В то самое время, когда Тоекуда выпроваживал еще самых первых девок, когда еще только возникла необходимость отмыться, интересные события развернулись в одной квартирке совсем неподалеку от гостиницы. В эту самую квартирку нырнул человек, который вел его от самого ученого городка, и встретился там с совсем другим человеком, гораздо моложе, физически сильнее и лощенее. В этой квартире, в удобном кресле, за стаканом водки и тарелкой приятной еды, человек подробно рассказал обо всем, что делал Тоекуда сегодня, и получил новые, не менее подробные инструкции.
ГЛАВА 2
Герой событий
16 мая 1998 года
Был новый день, и новые заботы, и дела. И снова булькал «Хенесси», стекая в пробирки, в граненые стаканчики, в цветастые чайные чашки. Булькал и дымился чай в стаканах, запотевали окна в маленькой, забитой стеллажами комнатке.
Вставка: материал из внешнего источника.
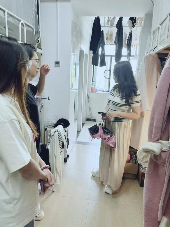 刚走进宿舍,包小玲便笑着感慨,“这次来明显感觉宿舍环境好了不少,桌面没有杂乱堆放的物品,阳台也收拾得很整齐,这样的环境住着舒服,也能让人更有状态投入学习和生活。”她还顺势叮嘱大家,保持整洁的居住环境不仅能提升生活幸福感,也能培养良好的生活习惯,后续要继续维持,若遇到宿舍设施故障等问题,随时跟她反馈解决。

Тоекуда опять был в лаборатории. Так сказать, в храме высокой науки. Вдоль стен — стеллажи с каменными орудиями, костями мамонтов, шерстистых носорогов, бизонов, северных оленей. Везде карты, рисунки мест раскопок, фотографии.
На фотографиях был Чижиков. Разумеется, были и другие, но везде разные, а Чижиков присутствовал везде, он объединял все фотографии. То он стоял с лопатой и в одних трусах в глубоком раскопе. То рассказывал что-то старику с очень иностранным, европейским обликом, тыкая пальцем в то, что старик держал в руке.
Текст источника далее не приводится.